ロンドン警視庁のギデオン警視を主人公とした人気警察小説シリーズの第1作。このシリーズの特徴は、複数の事件が同時に発生、進行する「モジュラー型」であること。いくつもの事件が発生し、報告を受けたギデオン自らが捜査に乗り出すものもあれば、指示を出すだけのものもあり、時には何もしないまま事件が解決されているものもあり、そして事件が解決しないまま物語が終わってしまうこともある。こうした多数の事件を同時進行させることにより、多忙である警察組織のリアリティを生み出している。
本作はギデオンものの第1作ということもあるためか、ギデオンの一日を写実する形式となっている。ギデオンの元に報告される事件の数が半端でなく、またいくつかは絡み合っているため、読者は追いかけていくのに精一杯であるが、物語のテンポがよいため、物語の把握に苦労することはなく、楽しく読むことができる。
途中では事件の被害者側、犯人側の描写も挟まれており、短調になりがちな事件捜査の進行にアクセントを加える役割を果たしている。この辺りの緩急の付け方は、多作によって培われた作者の技術だろう。ギデオンの妻との微妙な会話、上司や部下とのやり取りなども、物語に深みを与える役目を果たしており、さすがといえる。
このシリーズが人気を得たというのは当然の結果だと思える面白さだが、今ではあまり入手できないというのは残念なことである。全部で22作ということだが、全ての翻訳はされないだろうな……。

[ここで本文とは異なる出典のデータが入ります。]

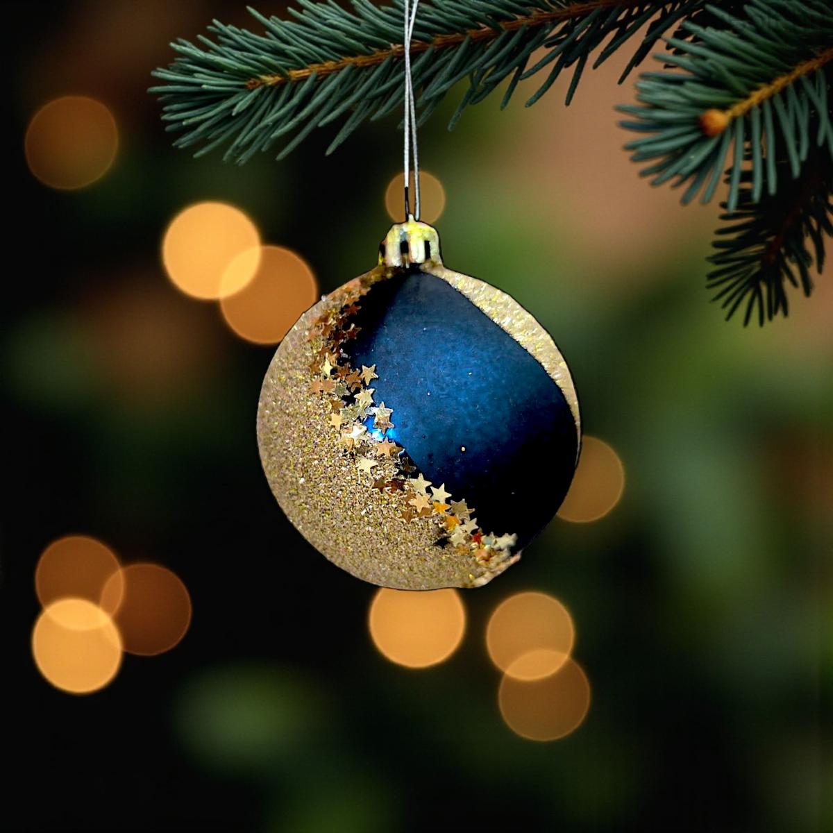 Elegáns aranykék karácsonyfadísz gömb, csillogó arany mintával és konfetti csillagokkal díszítve. Ragyogó, fényvisszaverő felülete feldobja a karácsonyfát, és ünnepi hangulatot varázsol az otthonodba.

解説では、警察小説の歴史について簡単に書かれており、こちらも勉強になった。
スチュアート・ウッズ『湖底の家』(文春文庫)
新聞社を辞め、作家修業中のハウエルは湖畔の町にやってきた。彼はそこで、ダム建設の際最後まで立ち退き要求に応じず、消息を断った家族がいたことを知る。彼らはどこへ消えたのか? そして、湖底にたゆたう影の謎は? 非協力的な住民たちをまえにハウエルの疑念は深まっていく。現実と幻影が錯綜するゴシック・サスペンス。(粗筋紹介より引用)
1987年の作品を同年に邦訳単行本で刊行。1993年に文庫化。
処女作の『警察署長』は面白かったので、期待して読む。とはいえ、新刊で買いながら今頃読むのもどうかと思うが。そういえば『潜行』も買ったままにしていたような気がする。

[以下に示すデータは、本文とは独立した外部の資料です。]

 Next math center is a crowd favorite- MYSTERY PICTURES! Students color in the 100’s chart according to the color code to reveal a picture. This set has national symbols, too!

ジャンル分けすればホラーになるのだが、この作品の場合は粗筋紹介にあるように、ゴシック・サスペンスとした方がしっくり来る。恐い、というよりは頭に靄がかかったまま映画を見せられるような、不思議な感覚を味わった。特に、湖底に沈んでいるという家のイメージがその象徴である。

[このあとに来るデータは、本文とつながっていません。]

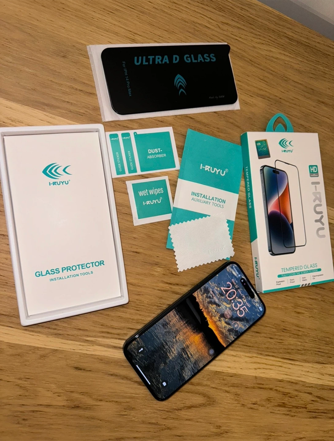 Selling a brand new I-RUYU tempered glass screen protector. It's designed to fully cover the screen edge to edge and features HD high transparency. The package includes installation tools, dust absorber, and wet wipes to ensure a perfect application. Keep your phone screen protected with this easy-to-install glass protector!

俗すぎる現実と幻影の狭間を漂いながら、それでいて明快な結末を付けてしまうところはこの人らしいところなのだろうか。ゴシックものにこういう結末を付けるのはどうかと思うときもあるのだが、本作では正解だろう。夢から覚めたような、という言葉がぴったり来る結末であり、面白く読むことができた。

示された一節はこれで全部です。